Стихотворения

Стихотворения

* * *
Чешуя черепицы, морёная дранка –
в этой шкуре не спится, и рука спозаранка,
под подушкой нащупав огрызок вчерашней
подбродившей приязни, замрёт. А над башней
угловой – над зубцами её и над крайним
близоруким окошком, растопырившим ставни,
вновь встаёт кучевая суконная скука…

Точно так же и правда моя – близорука.
Точно так же и я – растопырив ресницы –
по складам разбираю аморфные лицы,
неспособные резко на зов отозваться.
Потому что – поля мозговых мастурбаций
не пускают на волю.
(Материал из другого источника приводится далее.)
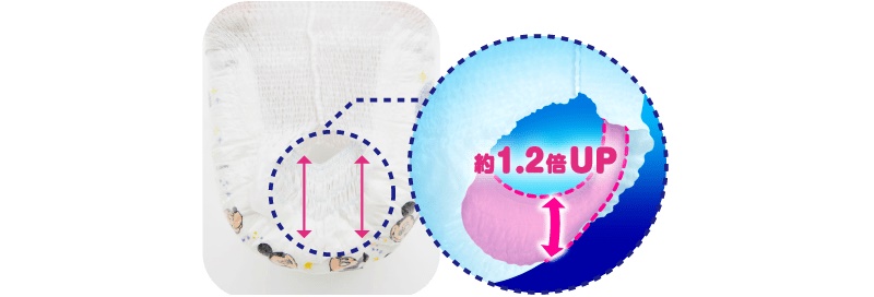 「グーン12時間ぐんぐん吸収パンツ」は、通常商品※2に比べてギャザーの高さを約1.2倍にアップ。足まわりをしっかりと包み込んで、寝ているあいだに激しく動いたり寝返りをうったりしても、隙間ができにくくなっています。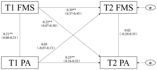 Cross-lag model of PA and FMS. ** denotes a statistically significant path coefficient p < 0.01.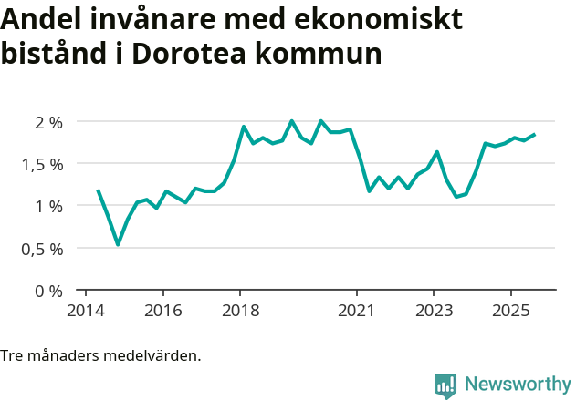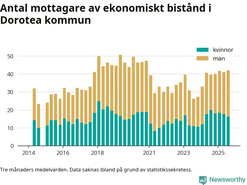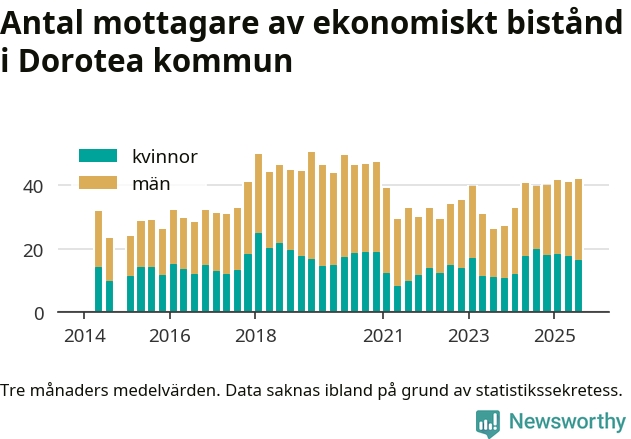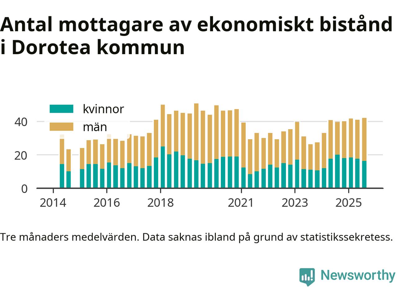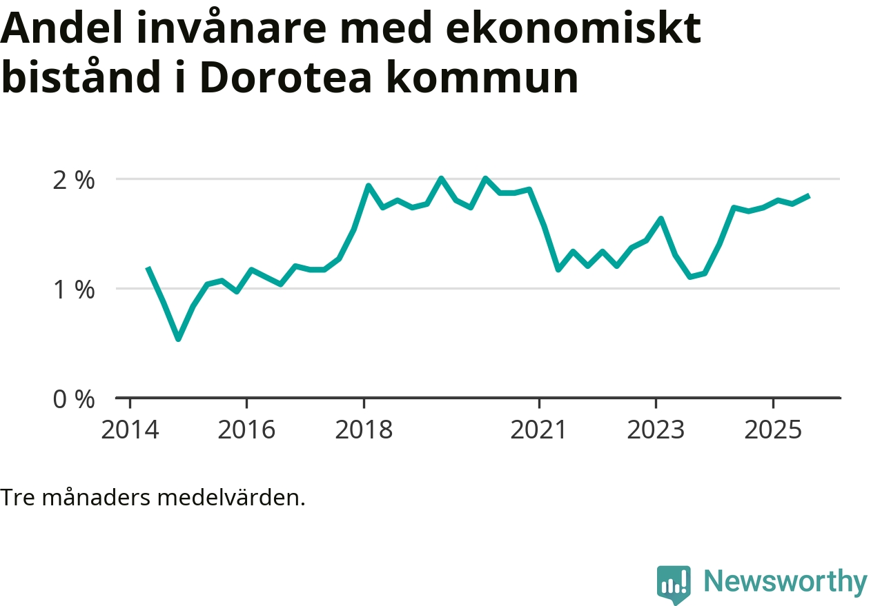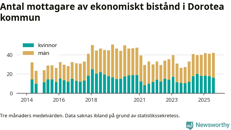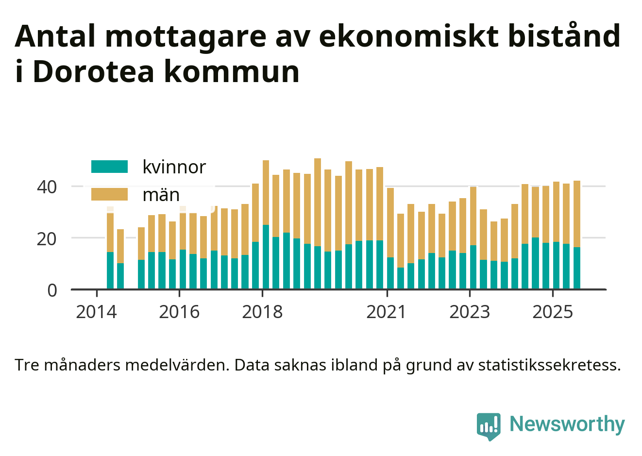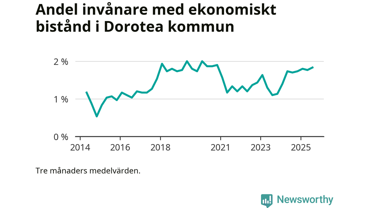 Andelen invånare med ekonomiskt bistånd i Dorotea kommun var högre under sommaren jämfört med motsvarande period året innan. Det visar den senaste, preliminära statistiken från Socialstyrelsen.

И мысли неловки,
тяготея всё боле к однотипной рифмовке.

Тяготея всё более к общему гулу.
Тяготея всё к более мягкому стулу.
Всё больней тяготея к простыне на диване,
к невесомости тела в остывающей ванне.
К территории плоской, к траектории сладкой,
лишь ночами бегущей к окошку на башне украдкой,
успевая, однако, к моменту прозрачности ранней –
под броню черепицы, под застывшую дранку желаний.

 

* * *
От ритма до рифмы, от стенки до печки –
почто я скитаюсь тропою слепою? –
как самка зверья, ожидаючи течки,
как козлик, седою тряся бородою.

По сети искусственно сотканной мысли,
по волнам сенсорики девственно узкой –
(куница ли в крону – из кроны ли рысь ли)
бросаюсь на запах словесности русской.

Метнусь – и когтей округлённые вилы –
и бивни мамонтослоновоморжовы
навылет в словесные тучные жилы –
и с мясом – из плотной глагольной основы…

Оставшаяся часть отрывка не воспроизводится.